12.10.06

Icicle Formation Mystery Solved by Studying Stalactites


"Scientists have long understood how snowflakes take shape, but icicles have remained a wintry wonder.

A solution has finally emerged — from a cave.

In 2005, researchers determined that stalactites, the long, carrot-like structures that hang from ceilings of caves, have a distinctive shape that can be described by a simple mathematical equation.
Oddly, the same math applies to icicles, a new study shows.
Although stalactites and icicles have similar shapes, they don't have any physics in common.
Icicles grow from heat diffusion and rising warm air, while stalactites rely on the diffusion of carbon dioxide gas.
"We didn't expect to be able to apply the same math, because the physics of the two are so different," said mathematician and physicist Ray Goldstein of the University of Cambridge in England.
"It is really the same shape, apart from the bumps and wiggles," Goldstein added. "It confirms what we know with our eyes."
The findings were published in a recent issue of the journal
Physics of Fluids.
Icicles typically form on days when the outdoor air temperature is below freezing, but sunshine warms and melts some snow or ice.
As it drips off your roof, a water droplet loses heat to the cold air and eventually refreezes.
An icicle starts with a few frozen droplets. When it reaches a certain size, drops begin to drip down the sides of the structure.
"The water will run down the sides of the formation evenly, in a thin film, and freeze on the way down," said University of Arizona physicist Martin Short, another member of the study team. "This sort of freezing thin film of water is what leads to the eventual icicle shape."

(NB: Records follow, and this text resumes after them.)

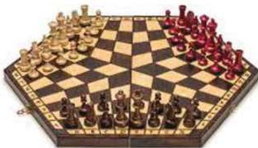
Figura 3: O tabuleiro tripartido para um jogo equânime dos domínios teleológicos

Este exemplo exige algumas condicionantes, que nos parecem frutuosas se transpostas para o outro lado da metáfora. No tabuleiro tripartido, se se quiser introduzir qualquer priorização haverá que, igualmente, justificá-la, assim como qualquer privilégio quanto ao número de jogadas seguidas por um mesmo domínio. Haveria ainda que distribuir as saídas, mas nada obsta a que se redistribuíssem de outro modo noutra ocasião.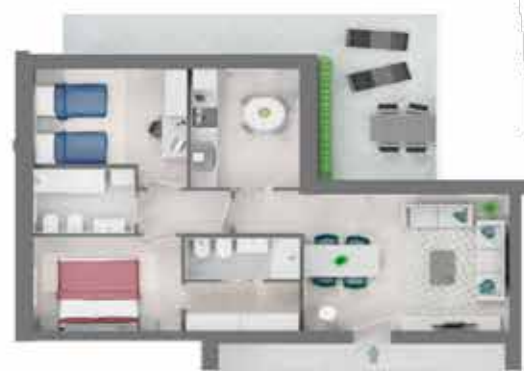
TRILOCALE Appartamento A2.1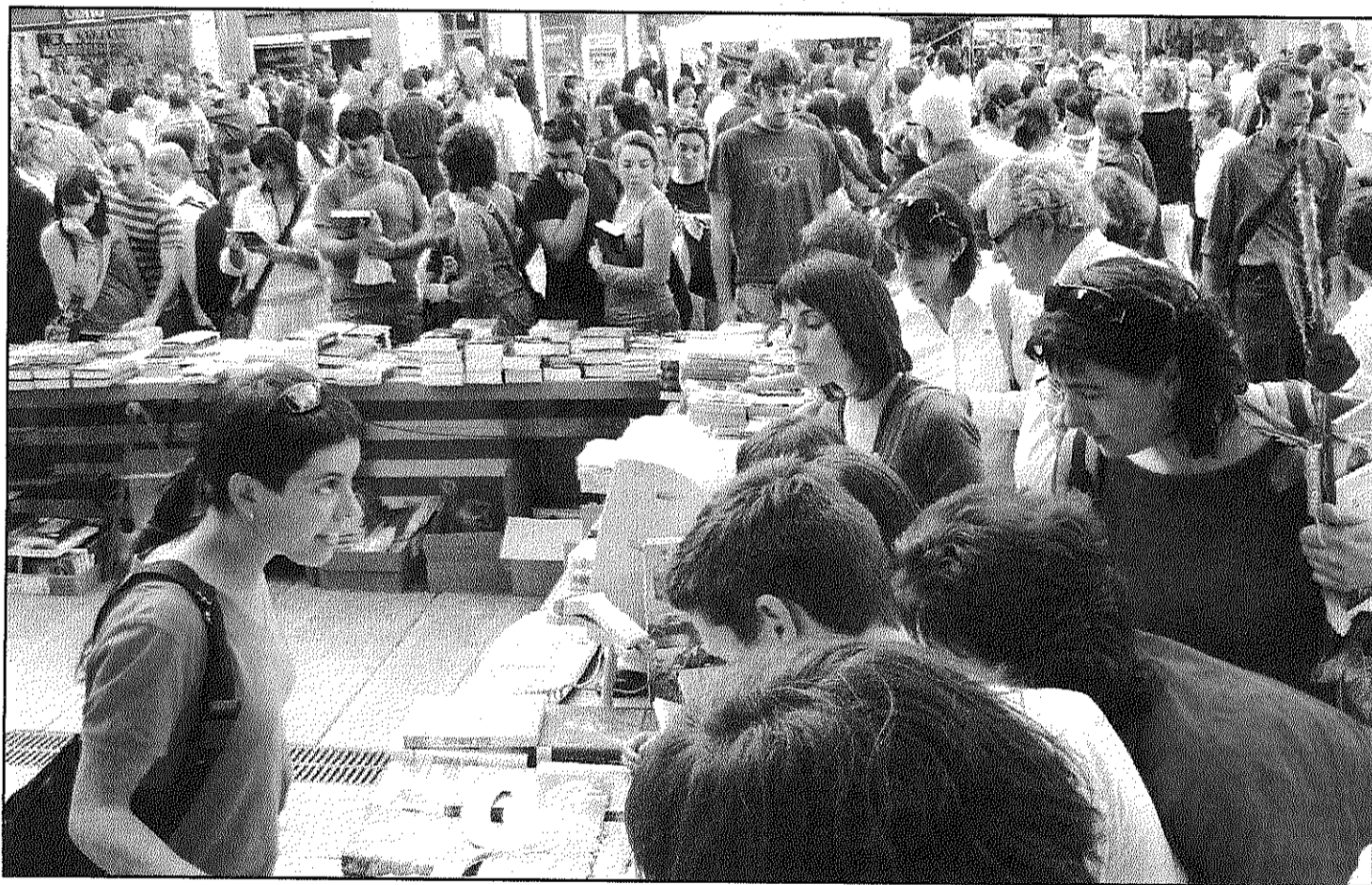
Malgrat al migdia els pronòstics no eren gaire bons, a la tarda els carrers es van omplir de gent aprofitant el bon temps (L'AdBM)

Centenars de persones compren llibres i roses a les parades de carrer i a les llibreries de tota la comarca (Pàgina 7)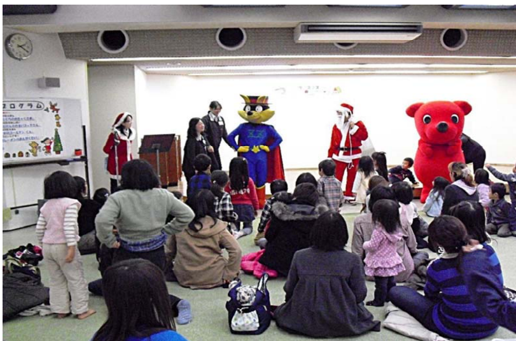
クリスマス スペシャルお話し会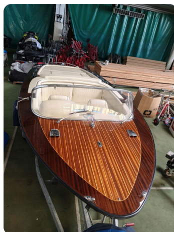
Boesch 590 Cabrio Deluxe CARPE DIEM 34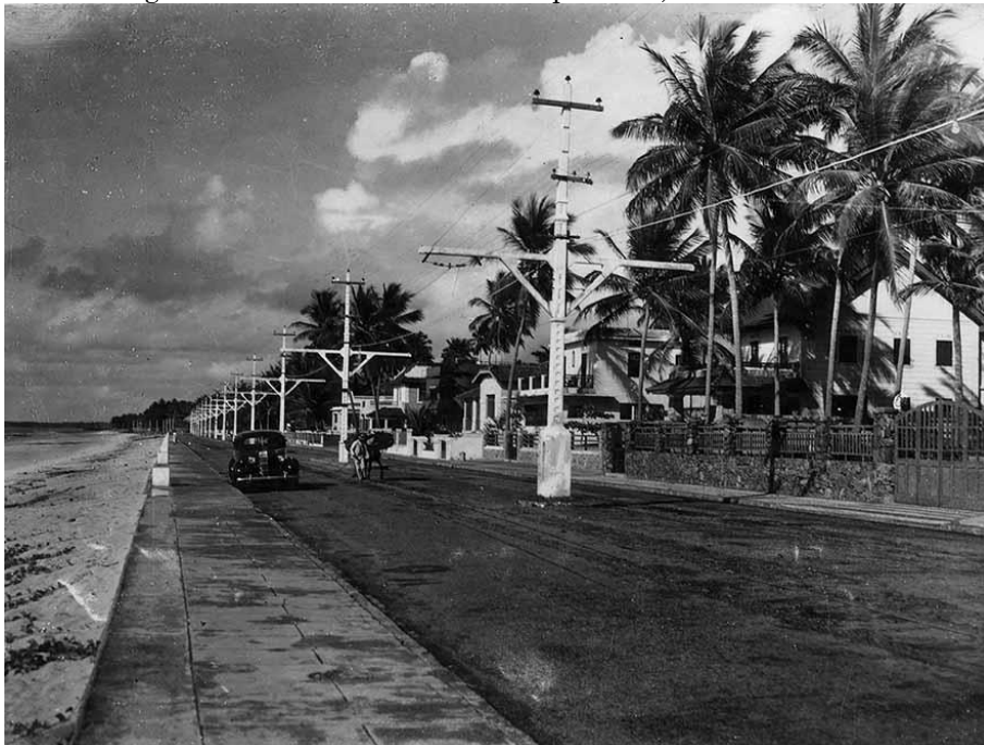
Figura 5 – Av. Beira-mar e seus palácios, década de 1940

definitivas. Nas décadas de 1930 e 40, elas já haviam tomado quase toda a linha de costa (Fig. 5).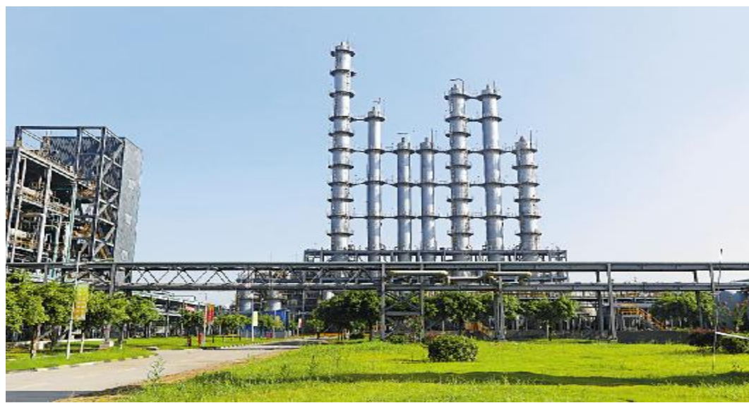
永祥多晶硅绿色厂区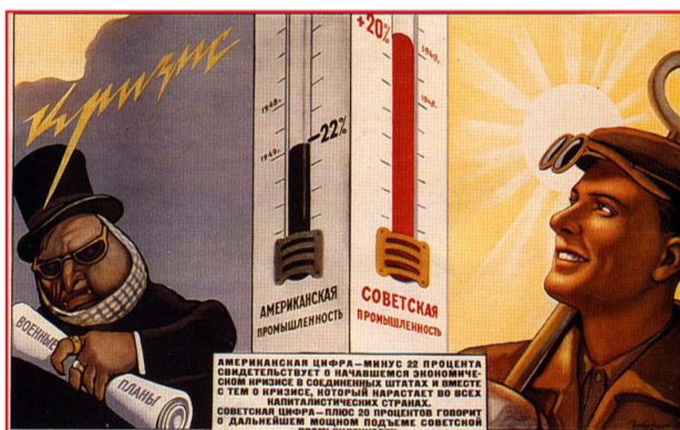
ТЕ ЖЕ ГОДЫ, ДА РАЗНЫЕ „ПОГОДЫ“

За последние 100 лет и Россия и Германия в ходе двух мировых войн понесли огромные потери, причем в обоих случаях наши потери оказались более тяжкими. Было еще одно нелёгкое испытание - Россия в 1917 году, а Германия в 1918 году пережили революционную смену власти. Но в нашей стране революция в октябре 1917 года привела к власти

The thin fluid layer on the surface of an icicle gives off heat that warms the air around it through a process called conduction.
As warm air rises, it removes heat from the liquid layer and causes it to freeze.
Here is the main point: The buffer of heated air is widest at the top of the icicle, where conduction is slowest.
"The buoyant air layer is really the most important factor in determining the icicle shape," Short told LiveScience.
Imagine the warm air as a blanket of differing thickness. The thinner part, at the bottom tip, allows more heat to escape than does the thick part of the blanket at the top.
"So the tip grows faster than the base, making the icicle pointy," Short explained.
The research was based on icicle photographs. To test their idea against actual icicles, the team plans to grow icicles in a lab and film their growth."